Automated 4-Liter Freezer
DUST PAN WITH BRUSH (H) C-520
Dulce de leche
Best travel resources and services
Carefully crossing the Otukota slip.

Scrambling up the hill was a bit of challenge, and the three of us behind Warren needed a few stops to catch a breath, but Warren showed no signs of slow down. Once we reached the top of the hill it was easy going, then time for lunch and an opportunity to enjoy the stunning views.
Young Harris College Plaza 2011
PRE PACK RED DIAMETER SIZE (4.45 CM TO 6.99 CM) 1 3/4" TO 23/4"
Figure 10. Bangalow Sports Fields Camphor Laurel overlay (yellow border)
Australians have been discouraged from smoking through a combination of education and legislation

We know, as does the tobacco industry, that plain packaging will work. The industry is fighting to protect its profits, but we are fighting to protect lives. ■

- - - - -

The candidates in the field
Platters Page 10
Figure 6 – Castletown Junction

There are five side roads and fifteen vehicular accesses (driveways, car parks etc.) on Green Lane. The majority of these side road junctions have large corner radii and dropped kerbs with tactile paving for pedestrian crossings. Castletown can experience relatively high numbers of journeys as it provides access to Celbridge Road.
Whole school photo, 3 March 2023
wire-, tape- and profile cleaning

- - - - -

● **Work to complete**
Above are the records; copy exactly the lines from the line with "Scrambling up the" through the line with "We know, as", both included.

● **Final answer**
Scrambling up the hill was a bit of challenge, and the three of us behind Warren needed a few stops to catch a breath, but Warren showed no signs of slow down. Once we reached the top of the hill it was easy going, then time for lunch and an opportunity to enjoy the stunning views.
Young Harris College Plaza 2011
PRE PACK RED DIAMETER SIZE (4.45 CM TO 6.99 CM) 1 3/4" TO 23/4"
Figure 10. Bangalow Sports Fields Camphor Laurel overlay (yellow border)
Australians have been discouraged from smoking through a combination of education and legislation

We know, as does the tobacco industry, that plain packaging will work. The industry is fighting to protect its profits, but we are fighting to protect lives. ■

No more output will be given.